> Exercise objective:
Reproduce the data that follows character for character, but omit its pictures.

> Data excerpt:
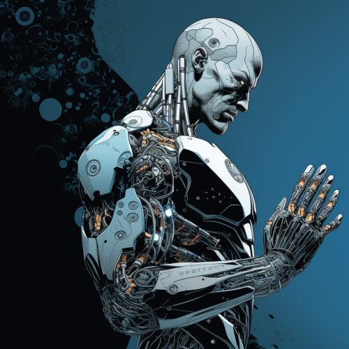 album cover. The same cyborg,, stands at the edge of a chaotic, dystopian metropolis engulfed in a storm of sound and fury. The city below is a cacophony of blaring alarms, screeching machinery, and frantic human voices, all blending into an overwhelming, oppressive noise. The environment is dark, with towering black skyscrapers piercing the red, stormy sky, illuminated by harsh, flickering neon lights. The cyborg’s expression reflects the stress and isolation, as it struggles to maintain its composure in the midst of this sensory overload. Red lightning arcs across the sky, illuminating the cyborg’s metallic form with brief flashes of white, symbolizing the inner turmoil of trying to find peace in a world that feels hostile and alien. Keywords: dystopian chaos, sensory overload, oppressive noise, dark cityscape, inner turmoil." This version emphasizes the overwhelming stress and dark atmosphere, capturing the intensity of feeling like an outsider in a chaotic world. --s 250
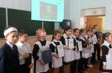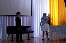 Татар теле атналыгында 6 А сыйныфы укучылары тамашачыларга татар теле һәм әдәбияты укытучысы Әхметшина А.А. җитәкчелегендә "Беренче театр" спектакленнән өзек курсәттеләр.
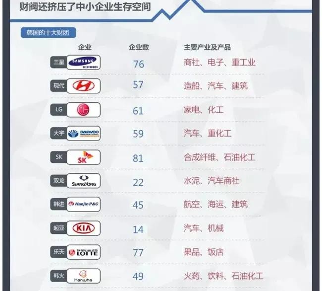 韩国虽然步入了发达国家的行列但却同样由于快速发展积累了许多弊端。尾大不掉的财阀便是其中之一,借着汉江奇迹的春风三星从一个水果摊变成了每个韩国人都离不开的第一大企业,其产值占到了韩国GDP的20%,而现代也占据了韩国GDP的11%,要是再加上其他大小财阀,恐怕韩国90%经济都被垄断了。

> Task answer:
 album cover. The same cyborg,, stands at the edge of a chaotic, dystopian metropolis engulfed in a storm of sound and fury. The city below is a cacophony of blaring alarms, screeching machinery, and frantic human voices, all blending into an overwhelming, oppressive noise. The environment is dark, with towering black skyscrapers piercing the red, stormy sky, illuminated by harsh, flickering neon lights. The cyborg’s expression reflects the stress and isolation, as it struggles to maintain its composure in the midst of this sensory overload. Red lightning arcs across the sky, illuminating the cyborg’s metallic form with brief flashes of white, symbolizing the inner turmoil of trying to find peace in a world that feels hostile and alien. Keywords: dystopian chaos, sensory overload, oppressive noise, dark cityscape, inner turmoil." This version emphasizes the overwhelming stress and dark atmosphere, capturing the intensity of feeling like an outsider in a chaotic world. --s 250
 Татар теле атналыгында 6 А сыйныфы укучылары тамашачыларга татар теле һәм әдәбияты укытучысы Әхметшина А.А. җитәкчелегендә "Беренче театр" спектакленнән өзек курсәттеләр.
 韩国虽然步入了发达国家的行列但却同样由于快速发展积累了许多弊端。尾大不掉的财阀便是其中之一,借着汉江奇迹的春风三星从一个水果摊变成了每个韩国人都离不开的第一大企业,其产值占到了韩国GDP的20%,而现代也占据了韩国GDP的11%,要是再加上其他大小财阀,恐怕韩国90%经济都被垄断了。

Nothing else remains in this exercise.